Black Widow: Why We Owe Rocky & Bullwinkle for Natasha Romanov

This is Foggy Ruins of TIme, a feature that provides the cultural context behind certain comic book characters/behaviors. You know, the sort of then-topical references that have faded into the “foggy ruins of time.” To wit, twenty years from now, a college senior watching episodes of "Seinfeld" will likely miss a lot of the then-topical pop culture humor (like the very specific references in “The Understudy” to the Nancy Kerrigan/Tonya Harding scandal).

Reader Rob H. wrote in because he wanted to see a bit about the debt that Marvel Comics owes to the TV series, Rocky and Bullwinkle.

In case you're not familiar with the program, Rocky and Bullwinkle was a cartoon variety series that aired from 1959-1964 by Jay Ward Productions...
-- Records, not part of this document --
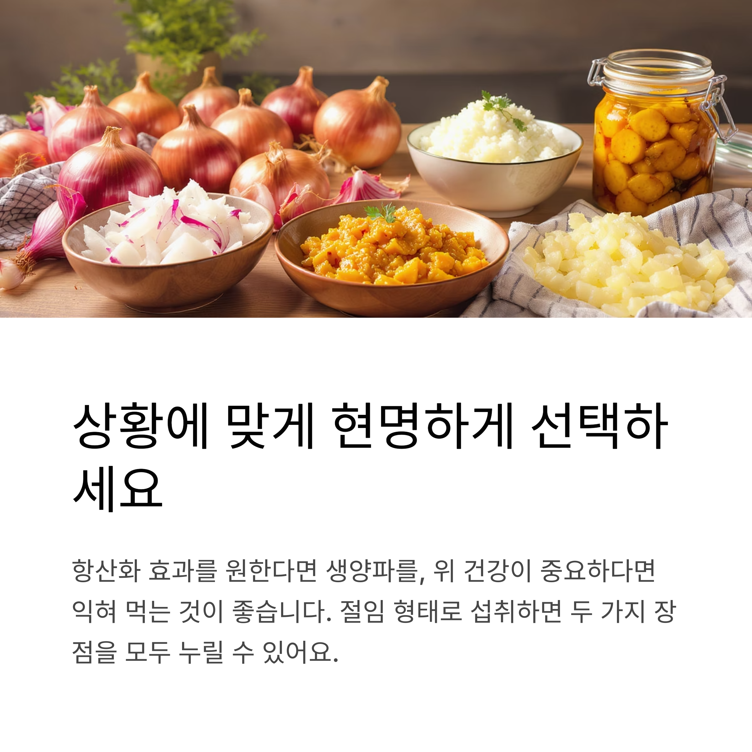 항산화 효과를 원한다면 생양파를, 위 건강이 중요하다면 익혀 먹는 것을 추천드립니다.
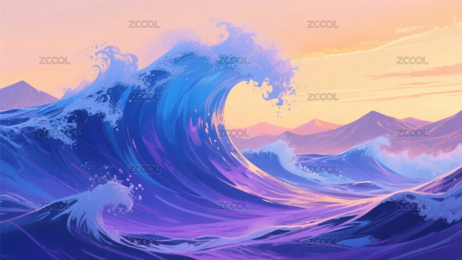 海浪,远山,天空,风景,插画,矢量,海洋,自然,景观,梦幻
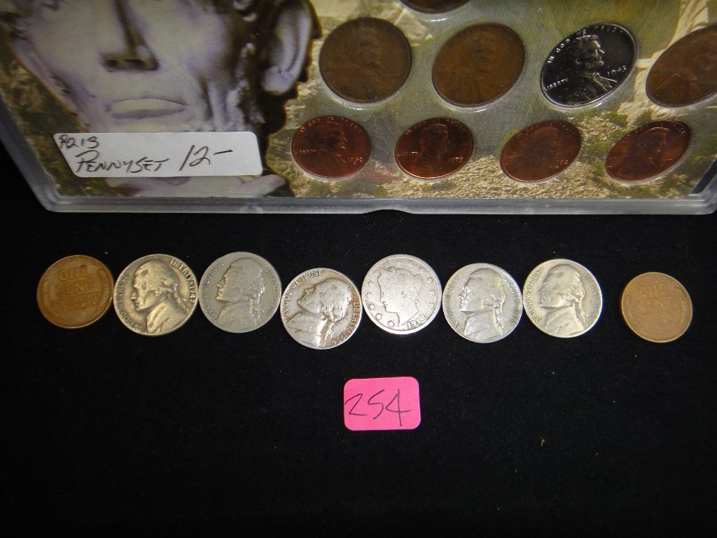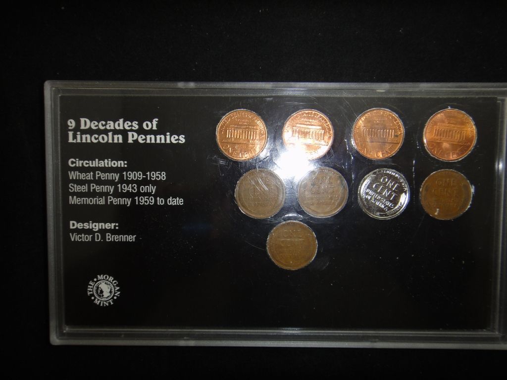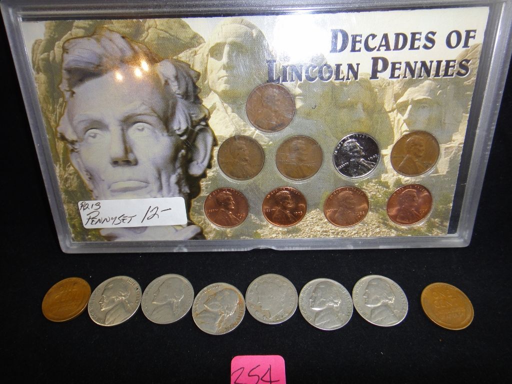 Includes 9 decades of Wheat pennies along with additional Wheaties, V and Jefferson Nickels. All one money.
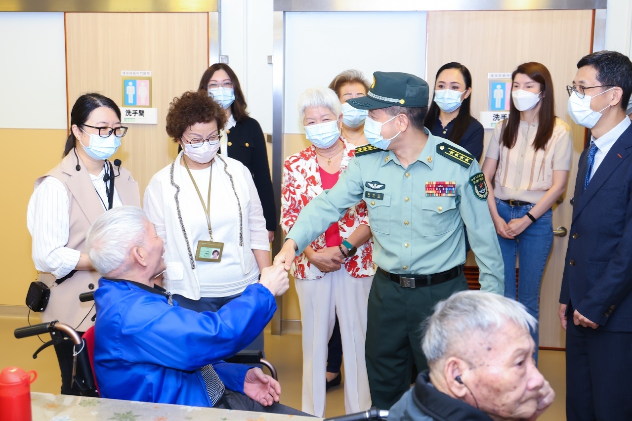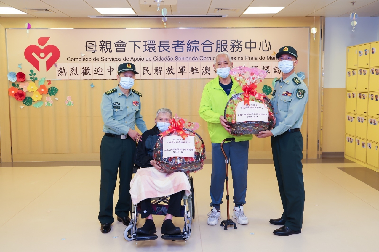為感謝長者對本澳社會的貢獻,傳承敬老崇孝的社會價值,中國人民解放軍駐澳門部隊政治工作部主任高好良大校與部分官兵代表,在澳門特別行政區政府社會工作局韓衛局長的陪同下,於11月10日上午到母親會下環長者綜合服務中心慰問長者。

One of the most popular characters on the show were the villainous Boris Badanov and Natasha Fatale, Russian spies who constantly clashed with our heroic moose and squirrel...

Boris and Natasha became very famous, even outside of the show, as the names "Boris and Natasha" became basically slang for spies.

Meanwhile, over in Marvel Comics, Stan Lee and Marvel Comics were making a lot of hay out of Communist villains in Marvel Comics. Lots and lots of villains were "dirty Reds," but no one seemed to fight more Communists than Iron Man, who was pretty much the symbol of American capitalism.

One plotline had the Russians sending their own version of Iron Man after Iron Man called the Crimson Dynamo. Vanko, the Russian scientist who designed the Dynamo armor, ultimately defected to the States to go work for Tony Stark. That, naturally, did not sit well with his superiors back in Russia, so in 1964's Tales of Suspense #52 (by Stan Lee, Don Rico and Don Heck), the Russians sent two new operatives after both Vanko AND Tony Stark.

Their names? Why, Boris and Natasha, of course!!

Boris ended up stealing the Crimson Dynamo armor, but then died when it short circuited. Natasha, the Black Widow, stuck around and continued to plague Iron Man. She even enlisted a carnival archer named Hawkeye to attack Iron Man. Hawkeye eventually couldn't remain a villain and he ultimately got Black Widow to become a hero, as well.

Decades later (and one cool costume change by John Romita), Black Widow is now one of Marvel's most prominent female superheroes...

And we owe it all to that Moose and Squirrel!